----- Supplied material
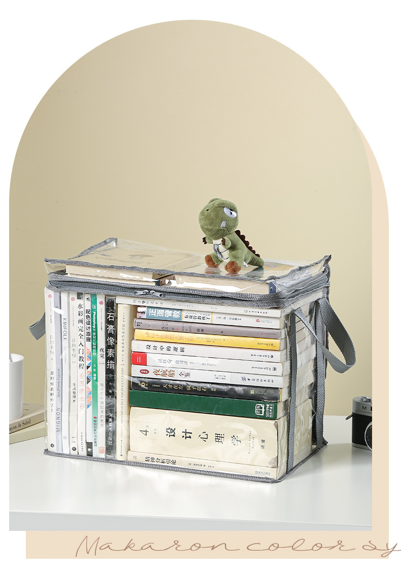 书本收纳箱学生教室放课本整理箱家用可折叠书籍储物盒透明收纳袋
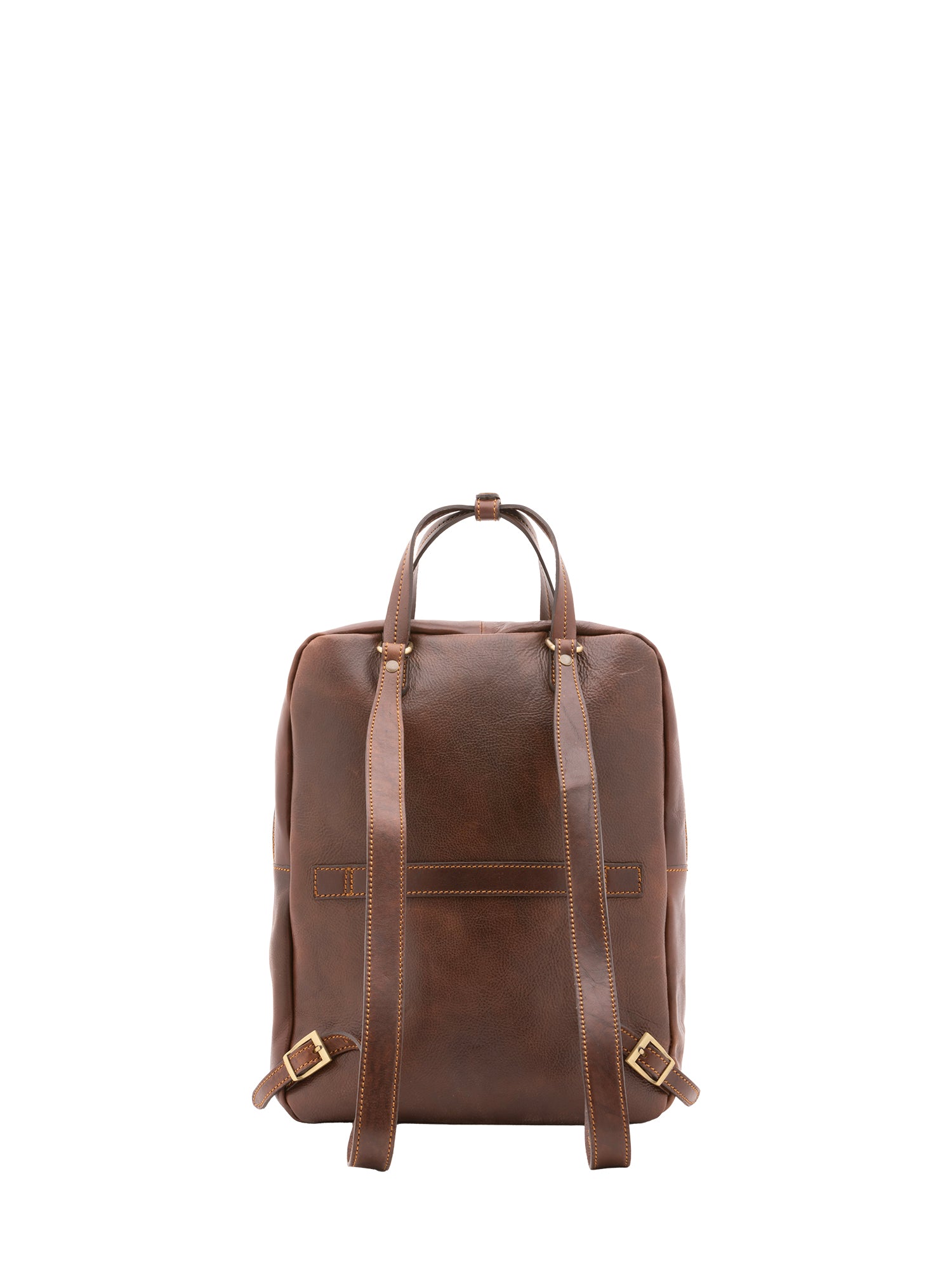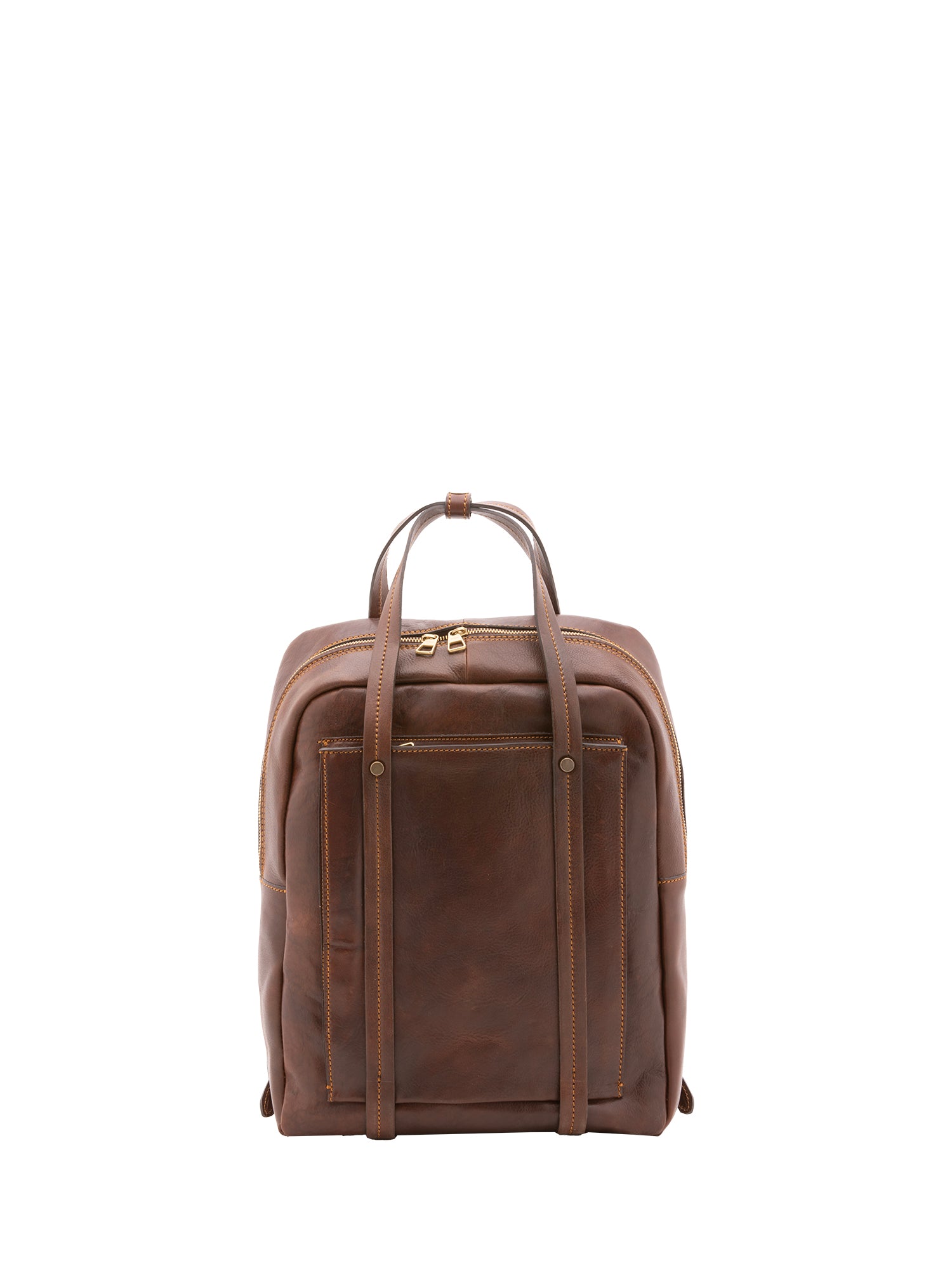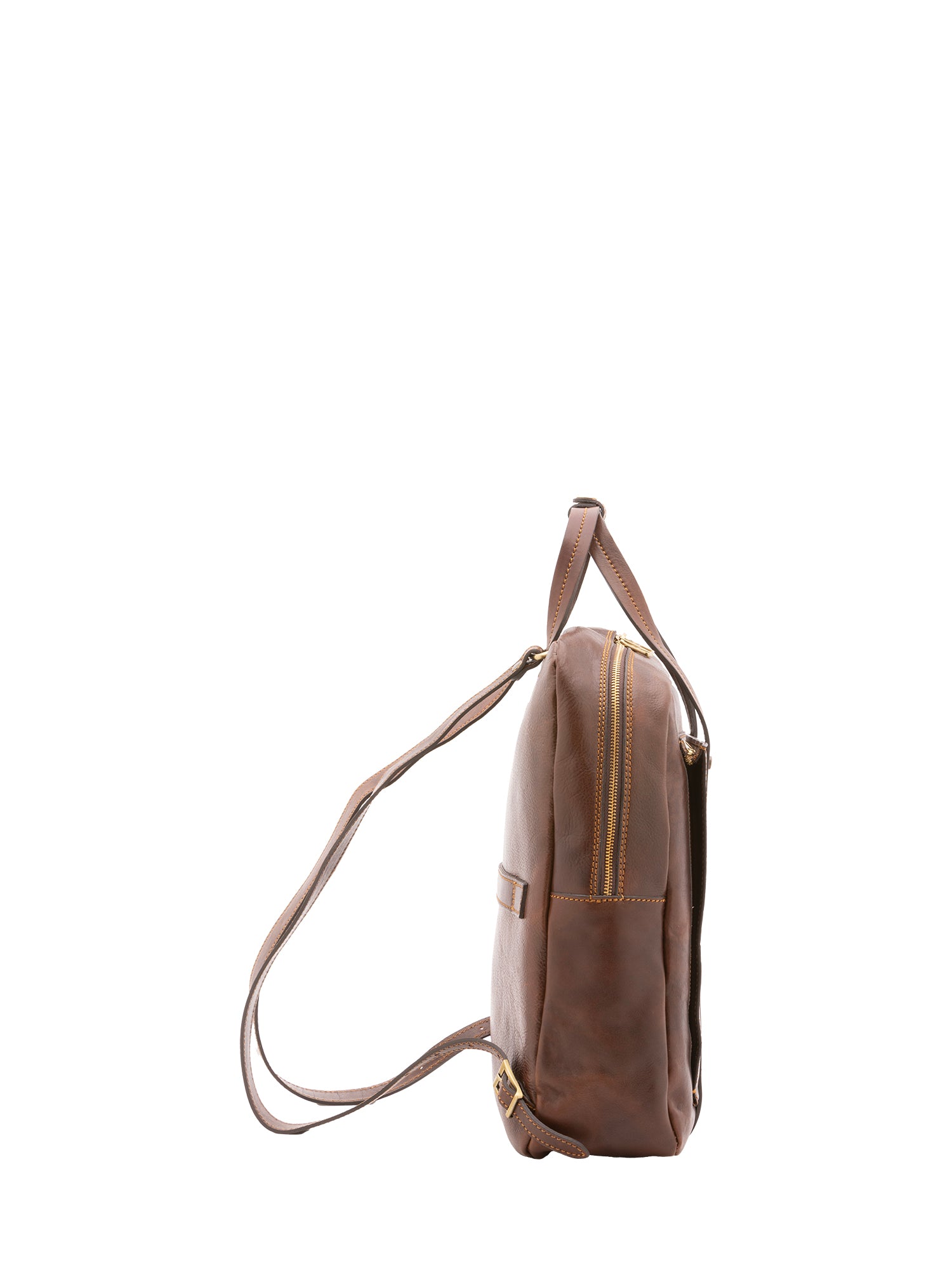 Sac à dos unisexe. La fermeture est à zip. Les poches intérieures sont des poches multifonctionnelles. Les poches extérieures sont une à l'avant avec zip. La bandoulière est réglable en cuir. La poignée est en cuir. Il y a un compartiment interne. Le matériau extérieur est 100 % cuir véritable. L'intérieur est doublé en coton. Dimensions : 43x33x11 cm. Fabriqué en Italie
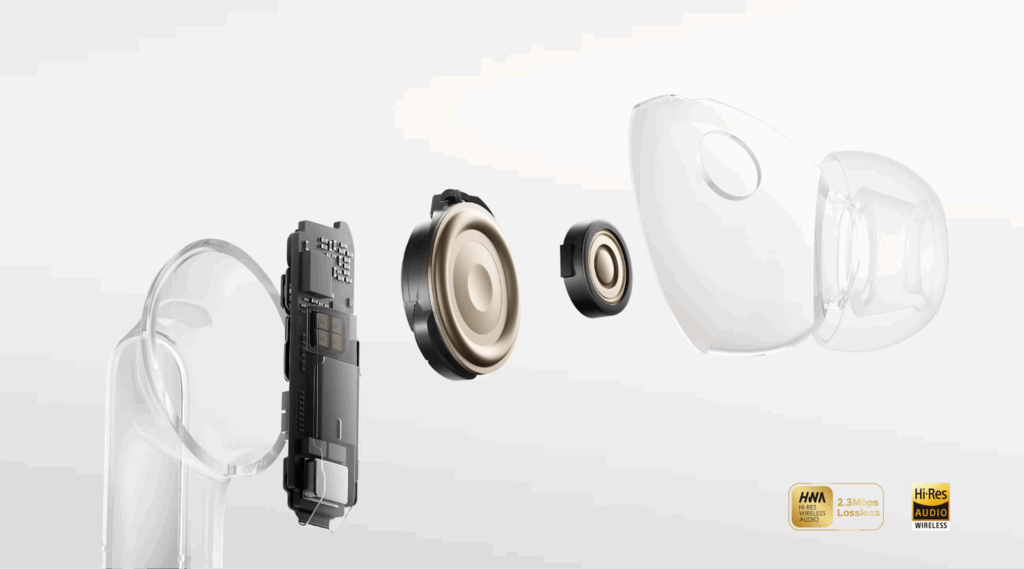 Uno de los principales avances de los HUAWEI FreeBuds Pro 5 es su arquitectura de doble driver, combinada con un modelo de detección MIMO basado en inteligencia artificial. Esta tecnología permite trabajar simultáneamente sobre distintas frecuencias —bajas y altas— logrando una cancelación más completa en comparación con sistemas tradicionales.
----------
● Task
Pictures must be left out. Repeat exactly the lines from the one containing "Sac à dos unisexe." through the final line of the data.

● Your solution
 Sac à dos unisexe. La fermeture est à zip. Les poches intérieures sont des poches multifonctionnelles. Les poches extérieures sont une à l'avant avec zip. La bandoulière est réglable en cuir. La poignée est en cuir. Il y a un compartiment interne. Le matériau extérieur est 100 % cuir véritable. L'intérieur est doublé en coton. Dimensions : 43x33x11 cm. Fabriqué en Italie
 Uno de los principales avances de los HUAWEI FreeBuds Pro 5 es su arquitectura de doble driver, combinada con un modelo de detección MIMO basado en inteligencia artificial. Esta tecnología permite trabajar simultáneamente sobre distintas frecuencias —bajas y altas— logrando una cancelación más completa en comparación con sistemas tradicionales.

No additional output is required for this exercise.